第7話 人間社会へ

 ワッハウの街への道すがら、私はクェイナに尋ね忘れたいくつかの大切なことをセピアスやザイルたちに尋ねた。


「この世界に神様っているのか?」


 セピアスたちは互いに顔を見合わせ、逆に問い返してきた。

「それは、この地上に生きる者やこの世界を創造した者という意味ですか?」

「だいたいは、そうだね」

「いるのだろうと、推測されて、いる。ただ、誰も、会ったこと、無い。いること、確認されて、ない」

「ふむ。つまり、私の世界のと似たようなものかな。ああ、でもさ。魔法がある世界なら、回復魔法みたいのもあるんじゃないの?」

「ある、には、ある。だが、使える者、少ない。万能でも、無い。対象者の、生命力、か、術者の、生命力、必要と、する」

「神様の奇跡みたいのは?」

「伝説的な存在としては、語り継がれている例はありますが、今となっては実在したのかは不明です」

「どうして、気になる?」

「いやさ。魔物と人間たちを戦わせてるのが神様ってかこの世界の創造主が定めた摂理とかだったりしたら、逆らえないかも知れないし、実現しようとしたら世界の反動っていうのかな。すごい揺り戻しが来て元の木阿弥になったりするのかなって」


 ここら辺はゴンド君からの入れ知恵である。


「いないものの、考え、分かるわけ、無い。確かめるすべ、無い」

「んじゃ、とりあえず神様に関しては脇に置いておこうか。人間たちと仲良くしようって動きはさ、他の魔物たちには無いの?」

「いない訳では、無い。だが、わざわざ、ゴブリンと同盟、組もうとする物好き、いなかった」

「いくらか、話を聞いてくれるとこはあったけど、従属を要求してきたりとか。もっと理性的な相手でも、まずはゴブリンたちを完全に掌握して、行動を制御できるようになったら来いとか」

「つまりは出直してこいって門前払い食らったわけね。先は長そうだ」

「そして、当然、ゴブリンハーフも、人間達からすれば、忌むべき存在、に、過ぎない」

「だからこそ私が見込まれたってわけか。クェイナの為だ。がんばるよ」


 出来ないことは約束出来ないが、だからといって出来ないと最初からあきらめるのも、私ではなかった。


 転移陣から迷宮、この通路もなるべく覚えるよう言われて注意して歩き、メモ帳にも他人が見ても分からない形で途中経路をメモした。セピアスの補助で、私も転移陣や隠し扉を起動できるようにしてもらった。
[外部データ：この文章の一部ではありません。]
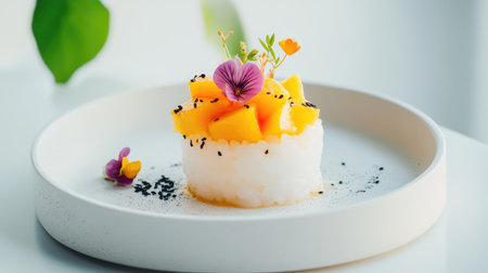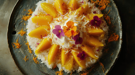 A beautiful dessert featuring sticky rice topped with ripe mango and adorned with edible flowers, presented on a minimalist plate, perfect for any occasion.

 砦跡までは歩いて、しかし街道に出てからは、可能な限り急いだ。なぜって、元の世界で朝目を覚ましたタイミングで転移して戻ってしまう可能性があったから。


 だが、よく考えてみれば前回こちらに来て戻った時は夜中だった筈が、目を覚ました時は朝になっていた。眠っていた時間が間に挟まったと捉えることもできたが、今回は昨日と同じ夜眠ることで転移してきた筈が、こちらでは朝だった。
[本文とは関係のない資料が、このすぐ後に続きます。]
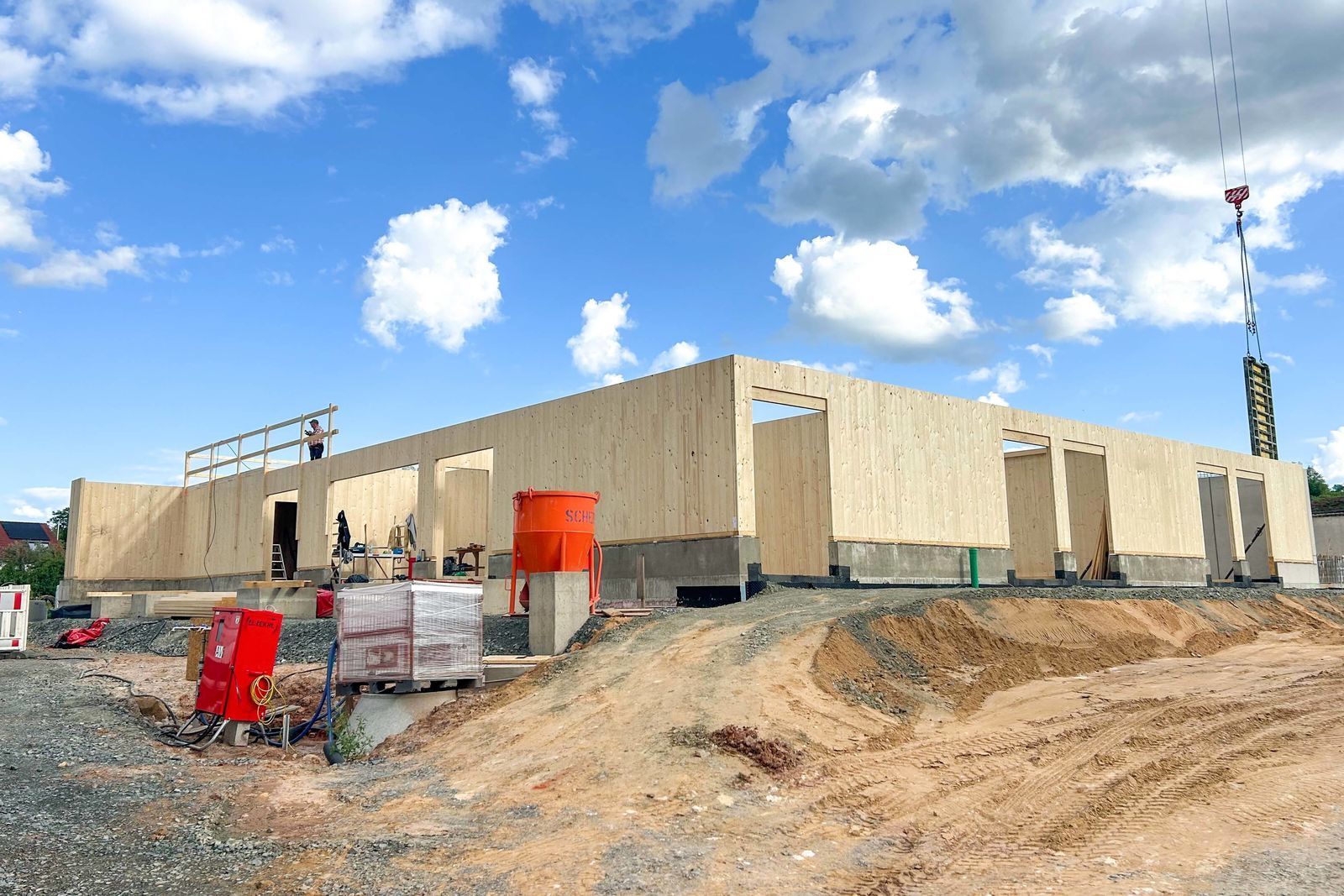 Wo noch vor wenigen Wochen Fundamente gegossen wurden, steht nun bereits das Erdgeschoss – gefertigt in moderner Holzbauweise, die sowohl optisch als auch ökologisch überzeugt.

 この時間のずれが、一日の時間量のずれから生じるのかどうかも確認する必要があったが、それは今回来てから作動させておいた仕掛けの結果から考察する予定だった。


 街道をひた走る間、セピアス達はローブを着込み、フードを深く下ろしていた。ザイルが一番最初に私のペースについて来れなくなり、背負って進むことにした。セピアスたちはなるべく人目に触れないよう時間をかけて移動し、必要があれば宝珠を通じて連絡を取り、街の外で再び落ち合うことにした。


「すごいです!」

 ザイルが子供らしく素直に感嘆してくれたのは、子供一人を背負っているとはいえ原付並みの速度は出ていたからだ。

「全力だったらもっと速いけど、そうすると地面がえらいことになっちゃうから、自重してるよ」

 ザイルがきらきらとした瞳で見つめてくれるので少しだけペースアップしたおかげもあり、お昼過ぎくらいにはワッハウの街についた。ザイルを背負っていたせいか、前回よりは若干時間はかかったけれど。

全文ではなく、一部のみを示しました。